SOURCE: US Oil & Gas Corp

US Oil & Gas Corp

January 06, 2010 10:32 ET

United States Oil & Gas Corporation Closes Acquisition of North Dakota Services Company; to Take Advantage of Proximity to Bakken Formation; Existing Propane Customer Sales Growth Expected to Double

AUSTIN, TX--(Marketwire - January 6, 2010) - United States Oil & Gas Corporation (PINKSHEETS: USOG), a growing oil and gas products, services and technology company, is pleased to announce that it has closed its acquisition of United Oil ("United"), a profitable North Dakota-based distributor of refined fuels and other oil-based products. United, along with Turnbull Oil, which USOG purchased in May 2009, is now a wholly owned operating subsidiary of USOG. The purchase was made using a combination of cash, stock and promissory note.

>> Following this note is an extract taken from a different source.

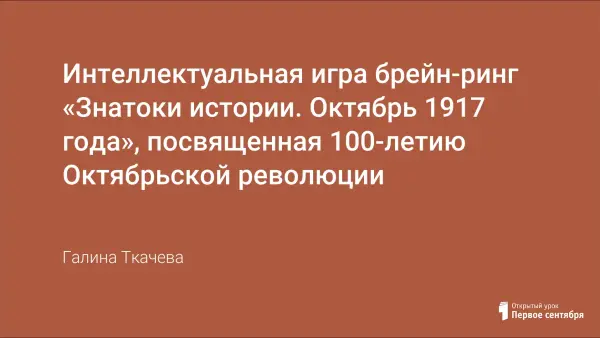 Цель представленного материала: познакомить с основными правилами подготовки (положение о проведении интеллектуальной игры брейн-ринг «Знатоки истории. Октябрь 1917 года» и проведение брейн-ринга (сценарий, судейство). Данную разработку, подготовленную на основе опыта работы, можно использовать в кружковой и внеклассной работе, дополнительном образовании детей.

During 2010, the Company will explore available efficiencies from the combined operations with Turnbull. CEO, Alex Tawse commented, "One of our competitive strengths is that our management possesses a unique experience and skill set with improvement of operational efficiencies. We will utilize that strength to lower costs and increase profit."

In addition, there is also significant opportunity for growth through marketing both at the local level and through the increased exposure that comes with being a public company. Notwithstanding the fact that to date United has done very little to no advertising or direct marketing, revenue is expected to total $8 million for the year ending December 31, 2009, with steady growth moving forward. Revenue for 2008 totaled $7 million, to-date the company's best on record. More details of United's earnings will be provided after the quarter ends.

Importantly, the Bakken Formation discovery in North Dakota, with its estimated 500 billion barrels of accessible oil, the largest since Alaska's Prudhoe Bay, significantly improves the economic landscape for the area. United is well positioned to take advantage of the increased demand for fuel that will come from additional prospecting and drilling that is forecasted.

Last year, United signed 156 new propane customers, 65 of which were added in the fourth quarter alone. During 2010, the company expects to deliver 700,000 gallons of propane to its existing customer base. This represents a 54% increase over sales during 2009. On a dollar basis it equates to approximately $1.25 million of revenue at today's prices.

As the price of propane has increased materially in recent months, United has also benefited from the summer purchase of forward hedges for a significant portion of its propane supply. Now selling at around $1.80 per gallon in N. Dakota, propane prices have risen to over 90% since the summer.

As previously reported, USOG's purchase of United includes all property, equipment and six acres of developable land. Besides United Oil and Gas, Inc., United Propane, United C-Store and an additional gas station and C-store that will soon be operational are part of the acquisition.

Management, which has over 30 years experience in the industry, is contracted to remain with the business for a minimum of three years. The company was started in 2003, and includes a bulk storage plant, and a fleet of tanker trucks.

Located in the northern central portion of North Dakota, United is a profitable oil and gas distribution company which sells diesel, race gasoline, propane, and lubricants to over 400 customers including regional businesses, farms, and private residences. The company offers personal customer service and premium pricing; comparative advantages that have helped attract new customers and increase market share.

About United States Oil & Gas Corp. (USOG.PK)

United States Oil & Gas Corp. is focused on acquiring and growing domestic oil and gas services companies. The company targets small to mid size family-run businesses with historically profitable results, strong balance sheets, high profit margins, and solid management teams in place. The company made its first acquisition, Turnbull Oil, on May 15, 2009. In addition to its acquisition strategy, the company intends is to acquire and/or develop and deploy proprietary technologies that will explore or extract oil and gas trapped in the earth using the latest technologies that create the smallest ecological footprint as possible. The company has two patents pending that support this ancillary strategy but does not rely on revenue generation from this technology in its financial projections.

This Press Release may contain certain forward-looking statements within the meaning of the Private Securities Litigation Reform Act of 1995. USOG has tried, whenever possible, to identify these forward-looking statements using words such as "anticipates," "believes," "estimates," "expects," "plans," "intends," "potential" and similar expressions. These statements reflect USOG's current beliefs and are based upon information currently available to it. Accordingly, such forward-looking statements involve known and unknown risks, uncertainties and other factors which could cause USOG's actual results, performance or achievements to differ materially from those expressed in or implied by such statements. USOG undertakes no obligation to update or provide advice in the event of any change, addition or alteration to the information catered in this Press Release including such forward-looking statements.